--- GIVEN INFORMATION ---

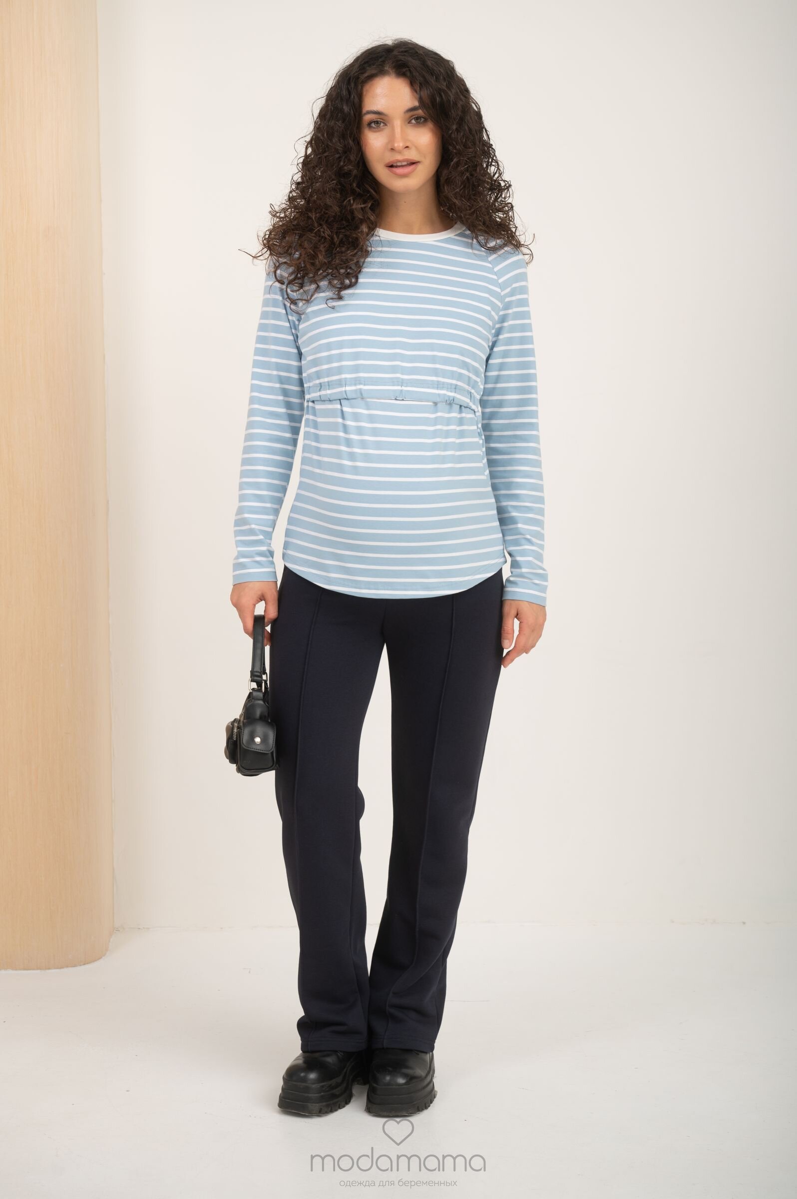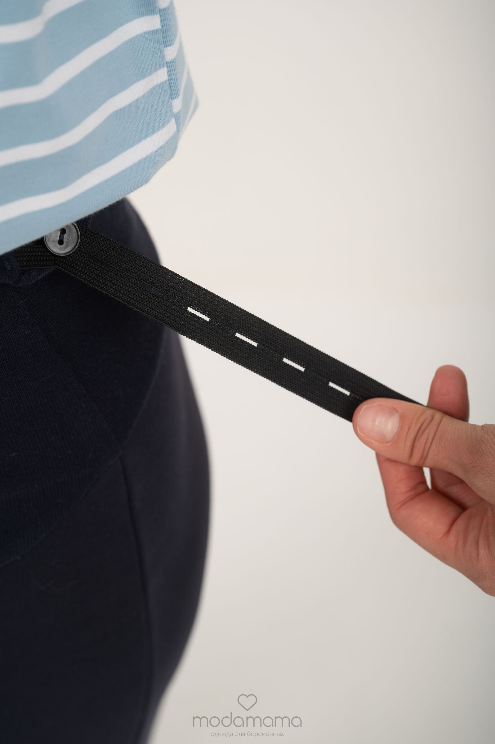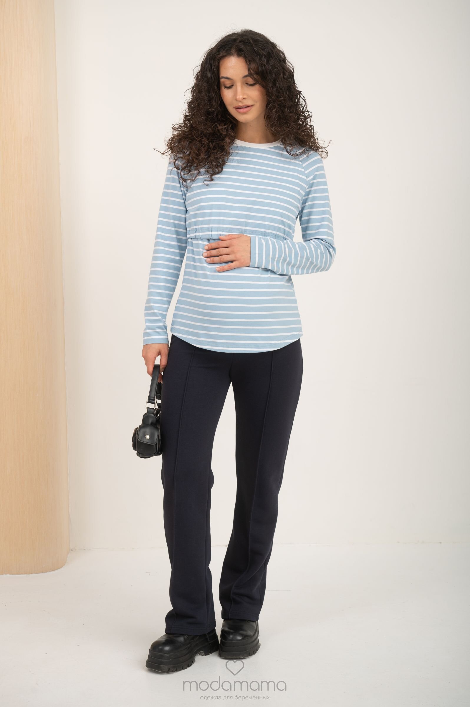 Брюки для беременных прямого кроя с отстроченными вертикальными стрелками. Высокий круговой трикотажный бандаж регулируется пуговкой по верху. Выполнены из мягкого, тянущегося трикотажа (футер-трёхнитка).
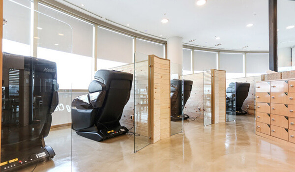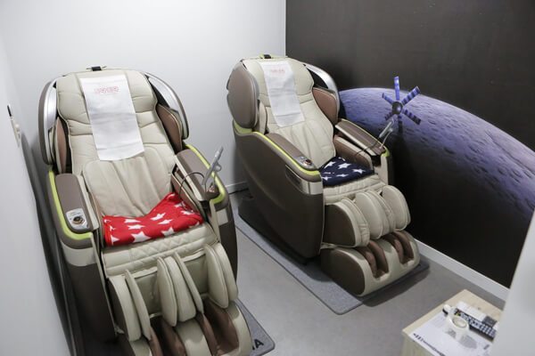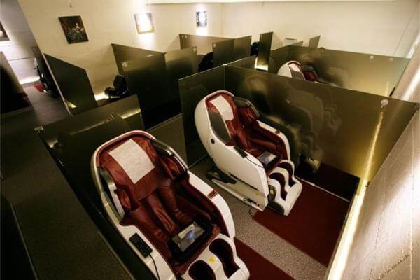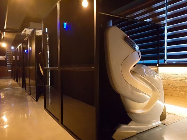 1만 원이 채 안 되는 9,900원이라는 가격에 음료와 안마서비스 복부 찜질까지 즐길 수 있다. 안마 모드를 다양하게 선택할 수 있는데 체중이 분산되는 무중력 자세로 중간 강도의 전신 마사지를 받을 수 있는 모드가 가장 무난하고 인기 있다. 뭉친 어깨 때문에 힘들다면 강력한 집중 케어 기능으로 어깨 근육을 풀어주는 시원안마 모드를 선택하면 좋다. 낮은 조명과 함께 적절한 습도를 유지해주는 무드등이 있어 편안한 분위기를 극대화해준다. 여기에 각 방마다 산소 발생기가 있어 안마를 즐기는 동안 보다 쾌적함이 유지된다.
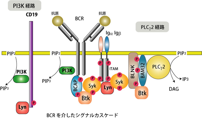 - これによりSykのITAMリン酸化部位への動員と活性化が誘導され、さらにBtk(TEC-family PTK)が活性化される。
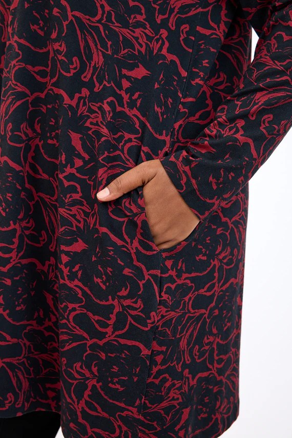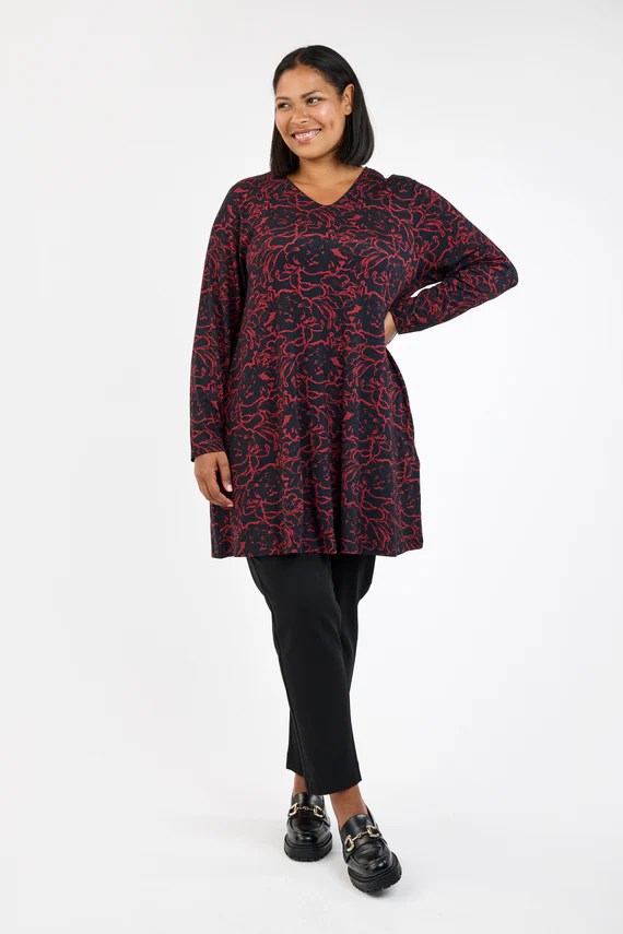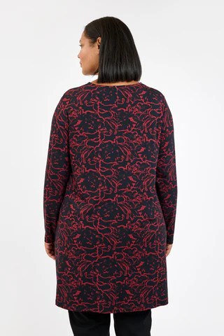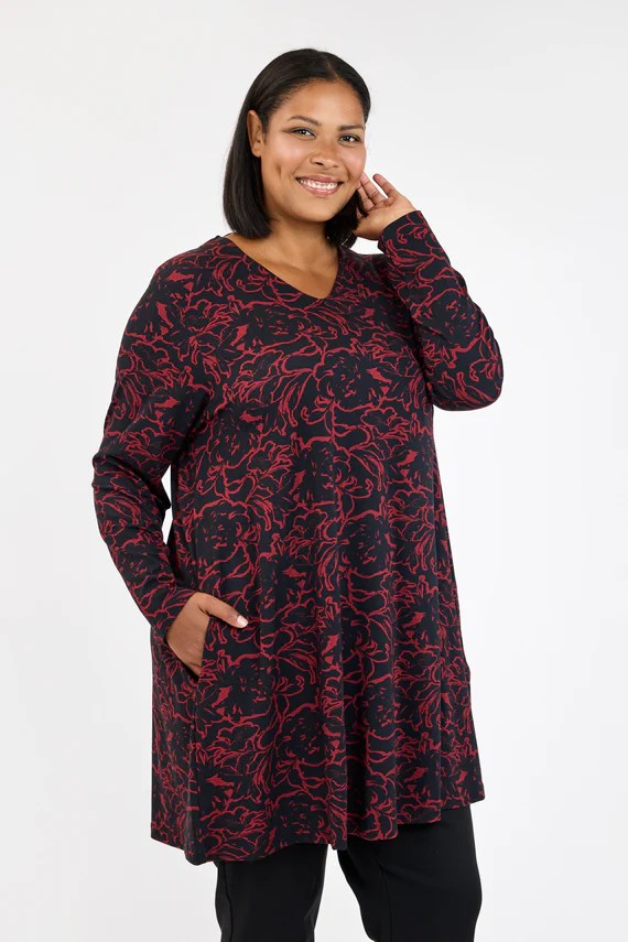 - Kuosissa mustalla pohjalla viininpunaisia kukkaa muistuttavia ääriviivakuvioita
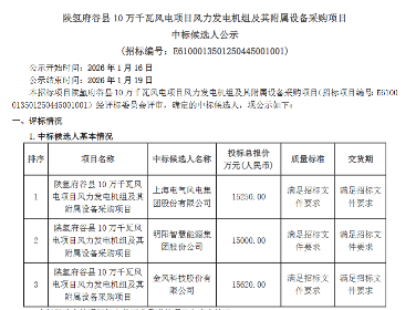 北极星风力发电网获悉,1月16日,陕氢府谷县10万千瓦风电项目风力发电机组及其附属设备采购项目中标候选人公示。
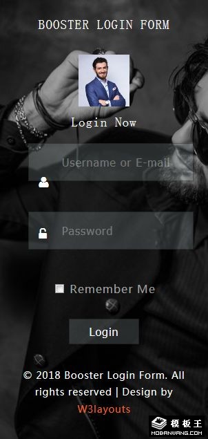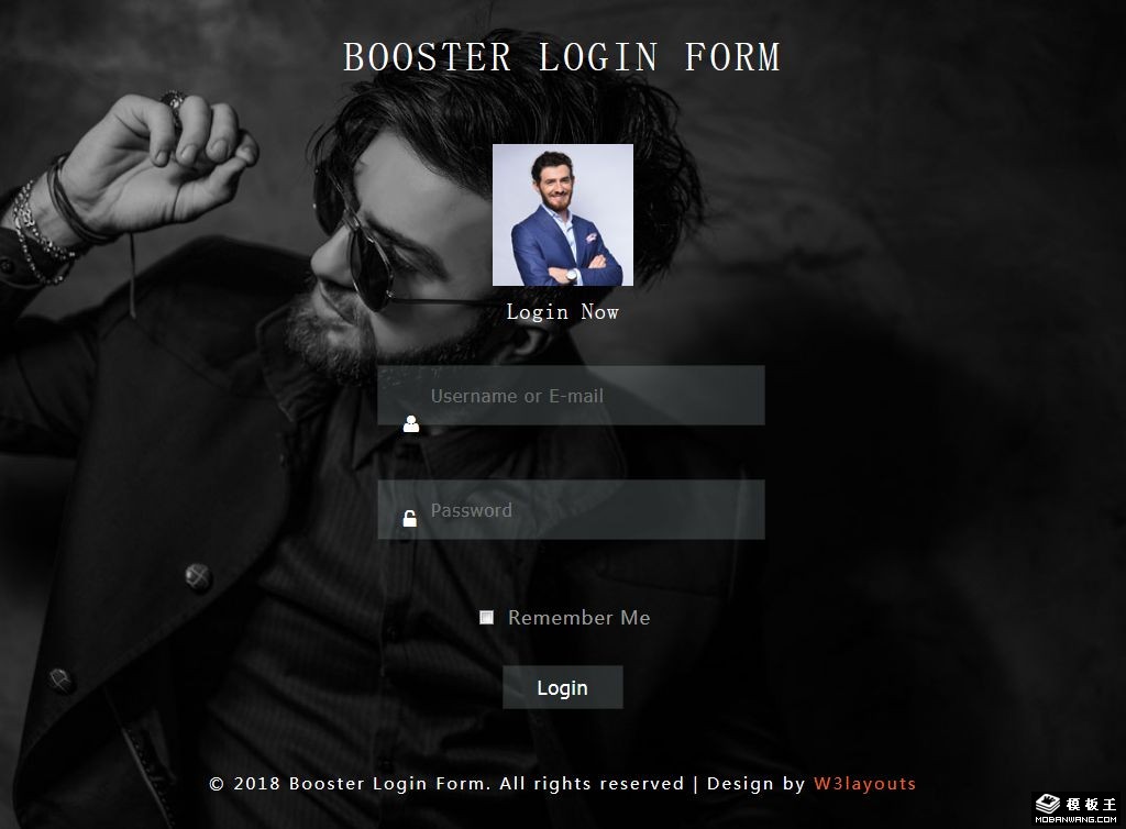 黑色人物登录框响应式网页模板。
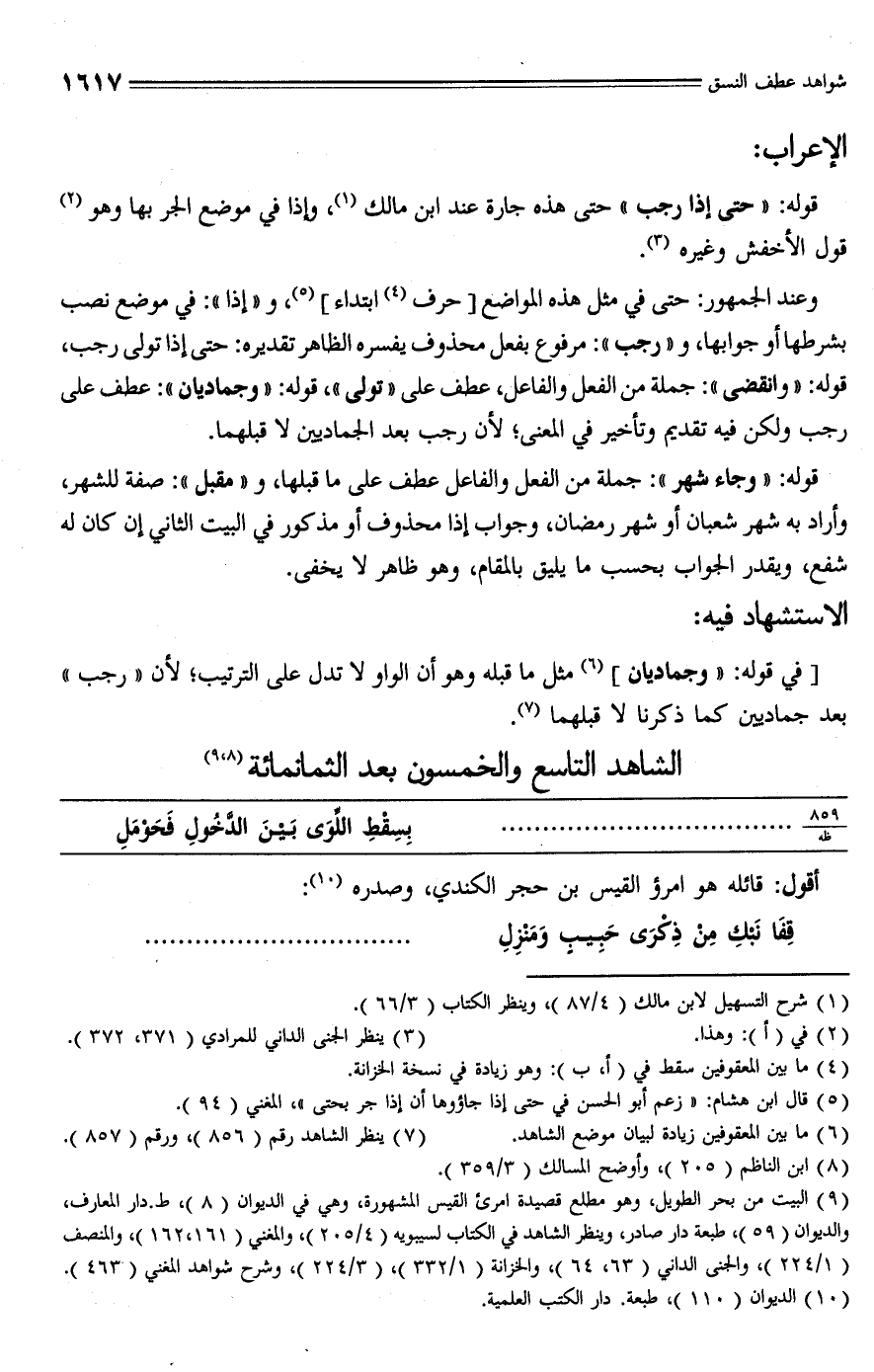 (¬9) البيت من بحر الطويل، وهو مطلع قصيدة امرئ لقيس المشهورة، وهي في الديوان (8)، ط. دار المعارف، والديوان (59)، طبعة دار صادر، وينظر الشاهد في الكتاب لسيبويه (4/ 205)، والمغني (161، 162)، والمنصف (1/ 224)، والجنى الداني (63، 64)، والخزانة (1/ 332)، (3/ 224)، وشرح شواهد المغني (463).
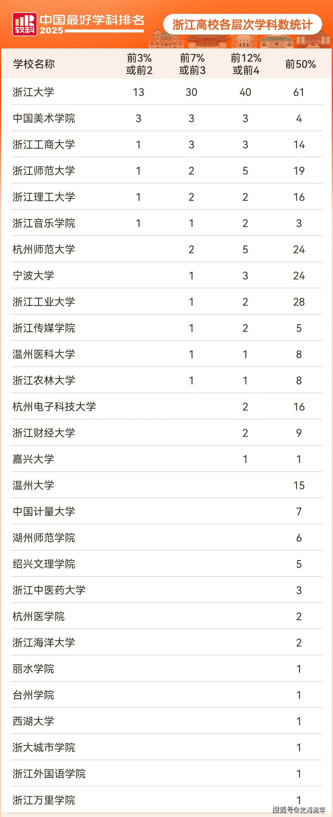 目前全省拥有浙江大学、中国美术学院、宁波大学3所“双一流”建设高校,其中浙江大学作为综合性研究型大学,综合排名长期稳居全国前三,在第五轮学科评估中斩获19个A+学科,形成覆盖文、理、工、医、农的全方位学科优势。

---

Please restate the lines above exactly, starting at the first line of the data and stopping at the line containing "- Kuosissa mustalla", which is included. Omit pictures.

- _TASK ANSWER_
 Брюки для беременных прямого кроя с отстроченными вертикальными стрелками. Высокий круговой трикотажный бандаж регулируется пуговкой по верху. Выполнены из мягкого, тянущегося трикотажа (футер-трёхнитка).
 1만 원이 채 안 되는 9,900원이라는 가격에 음료와 안마서비스 복부 찜질까지 즐길 수 있다. 안마 모드를 다양하게 선택할 수 있는데 체중이 분산되는 무중력 자세로 중간 강도의 전신 마사지를 받을 수 있는 모드가 가장 무난하고 인기 있다. 뭉친 어깨 때문에 힘들다면 강력한 집중 케어 기능으로 어깨 근육을 풀어주는 시원안마 모드를 선택하면 좋다. 낮은 조명과 함께 적절한 습도를 유지해주는 무드등이 있어 편안한 분위기를 극대화해준다. 여기에 각 방마다 산소 발생기가 있어 안마를 즐기는 동안 보다 쾌적함이 유지된다.
 - これによりSykのITAMリン酸化部位への動員と活性化が誘導され、さらにBtk(TEC-family PTK)が活性化される。
 - Kuosissa mustalla pohjalla viininpunaisia kukkaa muistuttavia ääriviivakuvioita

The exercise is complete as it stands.